PhD Defense of Eoin Ó Cuinneagáin
Thesis title:
Songing Dúchas: Amhránaíocht as Decolonial, Epistemic Disobedience
Date:
Thursday 6 March 2025 at 13:00 (CET)
Place
Linnaeus University, Växjö campus: Newton lecture theatre
zoom: https://lnu-se.zoom.us/j/63823772440?pwd=ScaFrAhQQZq1ZJbWboKTgYVSPOEqyt.1
External reviewer:
Professor Nokuthula Hlabangane, University of South Africa
Examining committee:
Professor Manuela Boatcă, University of Freiberg
Professor Tríona Ní Shíocháin, National University of lreland, Galway
Doctor Stiofán Ó Cadhla, University College Cork
Chairperson:
Professor Niklas Salmose, Linneaus University
Supervision committee:
Associate Professor Barzoo Eliassi
Professor Madina Tlostanova, Linköping University
Professor Liam Lillis Ó Laoire, National University of lreland, Galway
Examiner:
Professor Niklas Salmose, Linneaus University
Abstract
Ó Cuinneagáin, Eoin (2025).
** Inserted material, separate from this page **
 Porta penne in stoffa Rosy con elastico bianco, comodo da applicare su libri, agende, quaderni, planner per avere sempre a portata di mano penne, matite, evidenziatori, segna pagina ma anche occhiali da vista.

Songing Dúchas: Amhránaíocht as Decolonial Epistemic Disobedience, Linnaeus University Dissertations No 561/2025, ISBN: 978-91-8082-276-3 (print), 978-91-8082-277-0 (pdf).
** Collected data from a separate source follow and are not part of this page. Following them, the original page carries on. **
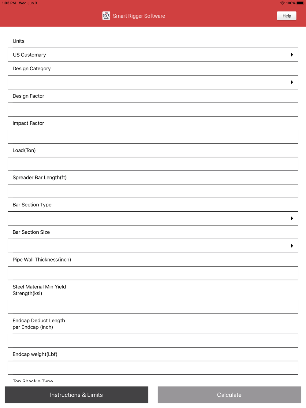 Spreader Bar App calculates loading on the spreader bar pipe, slings, and shackles for a wide range of lifting configurations while calculating and reporting ASME BTH-1 calculations. Three options of Crosby shackle types are available to choose from in this version of the app, as well as three options of slings, 1-Part Mechanical Spliced IWRC (EIPS, 6X19), STRAND Mech. Splice Grommet IWRC (EIPS, 6X19), and Polyester Endless Round slings, for a vertical and vertical basket configuration. Provides spreader bar capacity charting, and report generation ready to email results.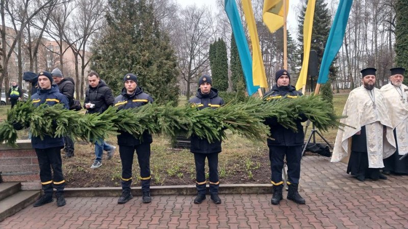 До підніжжя пам'ятника поклали вінок зі соснових гілок, квіти та лампадки.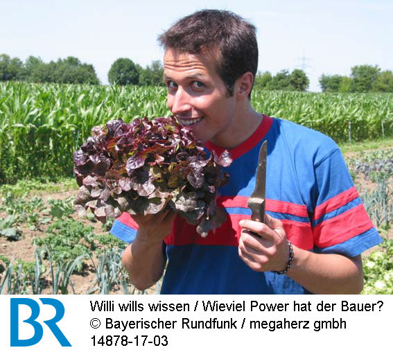 Wie viel Power hat der Bauer?Willi Weitzel schaut sich auf einem Bauernhof um und hilft bei der Salaternte.Bild: © BR/megaherz gmbh
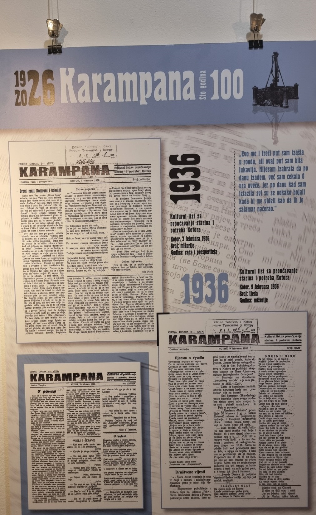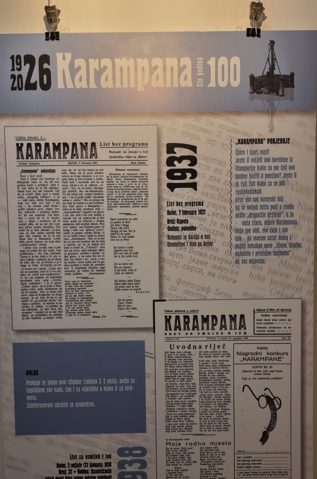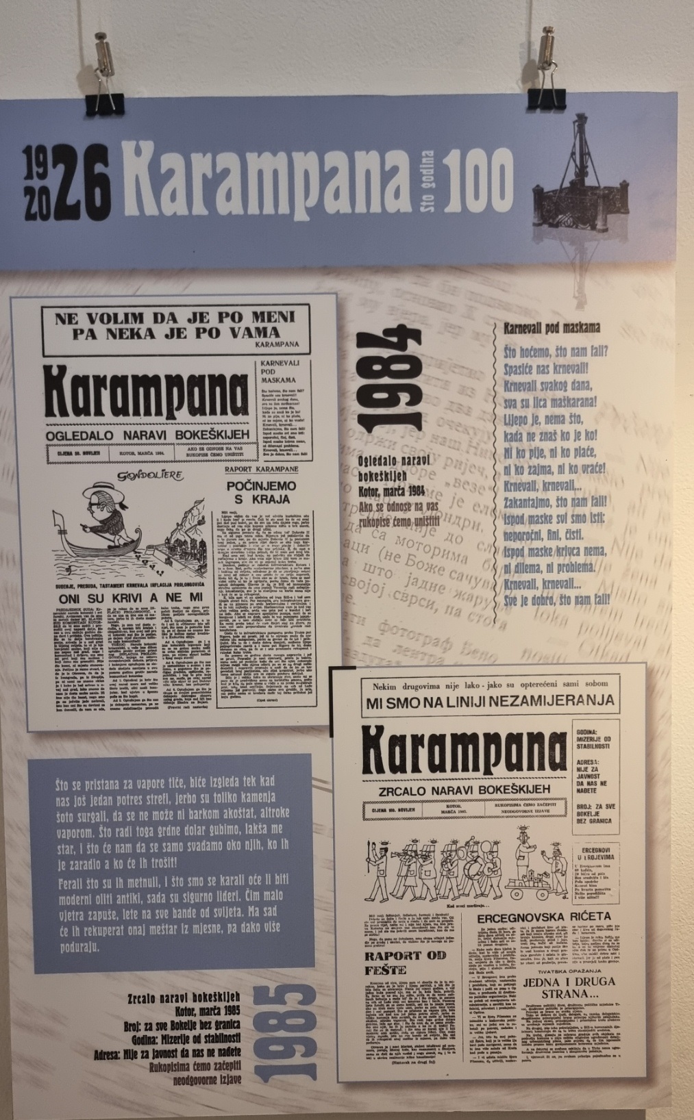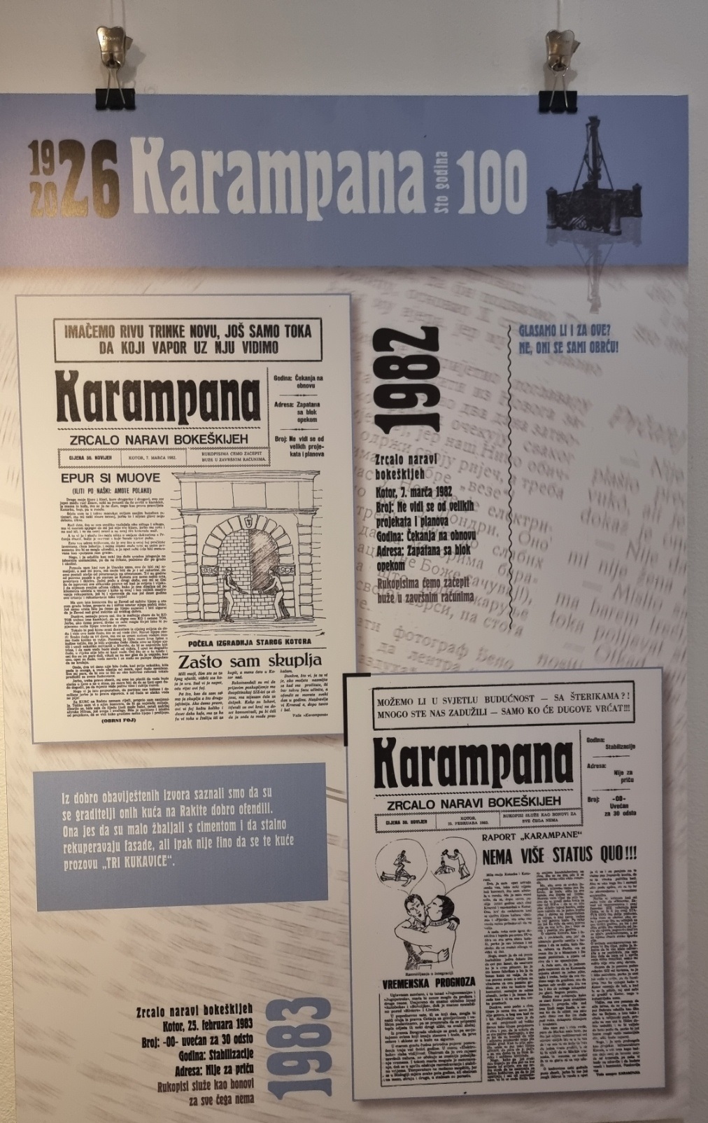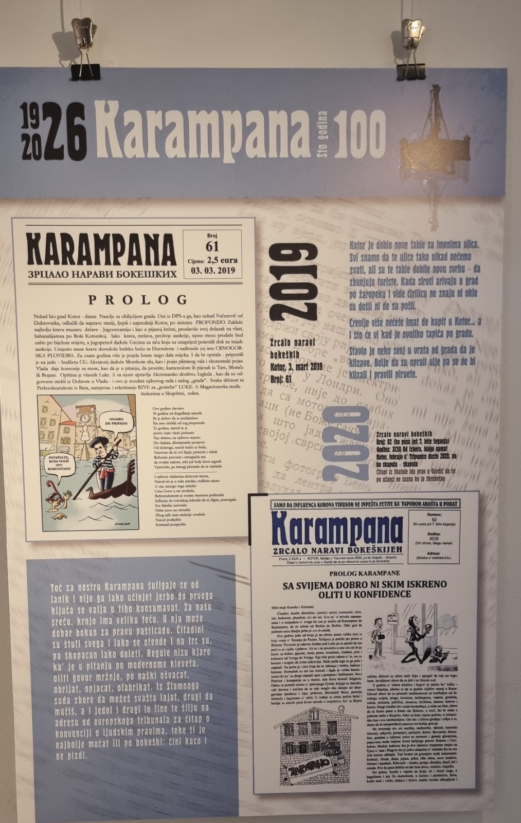 Inače, nakon multimedijalne večeri u Kinu “Boka” i pomenuta izložba postavljena je povodom 100 godina lista „Karampana“.

This thesis proceeds from the fundamental position that indigenous concepts should be used in academic studies on indigenous matters. Orientating itself around this necessity, the thesis formulates a diverse set of concepts that can be invoked in academic studies that concern Gaelic epistemologies. To achieve this, it considers how amhránaíocht, the Irish word for singing a song, functions as a disobedient practice which can resist and stay opaque to epistemic colonialism-coloniality. The author’s awareness of the methodological concepts and worldview of amhránaíocht emerges out of his own engagement in the oral practice as a link in the reproduction of indigenous knowledge.
By situating amhránaíocht and its attendant worldview within an inter-cosmological, non-hierarchical dialogue with other autonomously voiced indigenous methodologies, it moves towards an epistemic break in the academic study of amhránaíocht from anglicizing-westernizing research methods towards a Gaelic research paradigm. Oideas, the Irish word for ‘oral education’ or ‘prescription’, is advanced as a healing-based methodology which empowers the centering of indigenous perception. It shows that despite Anglo-modern intervention into the worlds of the Irish-speaking colonized, oideas has always been capable of reproducing its own methods, preserving its own mechanics of self-representation and remaining opaque to Anglo-modern methodologies of conquest. Dúchas, a holistic indigenous concept which may be translated as ‘nature’, ‘right’ or ‘ancestral patrimony’ was reformulated during the Anglo-modern settler-colonial plantation system as a means of protecting indigenous sovereignty over land and knowledge.
Drawing on the centrality of the long-established concepts of dúchas and oideas, the thesis formulates songing as a decolonizing methodology designed for entering into Anglo-modern domains of epistemic power. As a direct translation of amhránaíocht into English, songing disrupts Anglo-modern epistemic violence and its grammars of supremacy. Six oral Irish songs are invoked to show how songing may function as a juxtapositionary tool to sense Anglo-modern colonialism’s secondary violences reproduced in electronic archives, English literature, anthropological discourse, the logics of stage performance, music anthologies, Romanticist painting and eyewitness accounts of An Drochshaol. Songing sounds the unheard violences concealed within Anglo-modern epistemology through the reparative vocal intone. The thesis concludes by discussing how amhránaíocht and decoloniality can mutually support each other.